Mas até Cristovam já não acredita que permanência de Dilma com um governo novo é a saída, como os senadores “independentes” propuseram a ela há três meses. Foram apresentadas pelo menos cinco sugestões polêmicas: a primeira é que Dilma deveria ser a Itamar Franco de Dilma, que saiu de um governo corrupto e deixou o país arrumado; a segunda seria vir a público, sem marketing e reconhecer os erros que cometeu tanto na campanha quando na gestão da política econômica; a terceira seria dizer que não é mais do PT, que agora é do partido do Brasil, assumir uma posição acima do PT; a quarta, casar a legalidade dela recuperando a legitimidade e para isso convida todas as pessoas para fazer parte do governo, inclusive da oposição e a quinta: dar mais apoio à Operação Lava-Jato.
Dilma ouviu calada.
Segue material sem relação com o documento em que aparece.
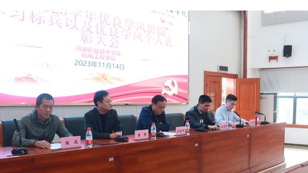 首先,杨成宣读了机电工程学院2022-2023学年优良学风班级、学习标兵、优良学风个人的表彰决定。

Só reclamou quando os senadores falaram da Lava-Jato. Disse que seu governo deixou a política e o Ministério Público trabalharem com independência na Lava-Jato.
Com o refluxo das conversas sobre o impeachment, o pano de fundo dos bastidores do Senado é a demissão do ministro da Fazenda, Joaquim Levy, considerada líquida e certa entre os líderes partidários. O antagonista, evidentemente, é o ex-presidente do Banco Central Henrique Meirelles o nome de Lula para o cargo. Quando a conversa sobre impeachment estava no auge, teve senador que diz ter ouvido de Meirelles que ele não estava interessado no cargo.
Uma saída com Dilma na presidência, segundo senadores ouvidos pelo Valor, só teria viabilidade com Meirelles. Ainda assim não se sabe por quanto tempo. Dilma também não tem química com Meirelles. Mas isso, conta um senador que conhece bem os dois, Dilma é capaz de ceder, se concluir que esse é o preço a pagar para terminar seu mandato. No Senado, espera-se a saída de Levy em janeiro. O ministro parace cansado. Perguntaram a um senador como o ministro havia se saído no jantar de Euncío. O senador perguntou “que ministro?” O interlocutor insistiu: “O Levy não foi?” Resposta: “O Levy foi. O ministro da Fazenda, não”.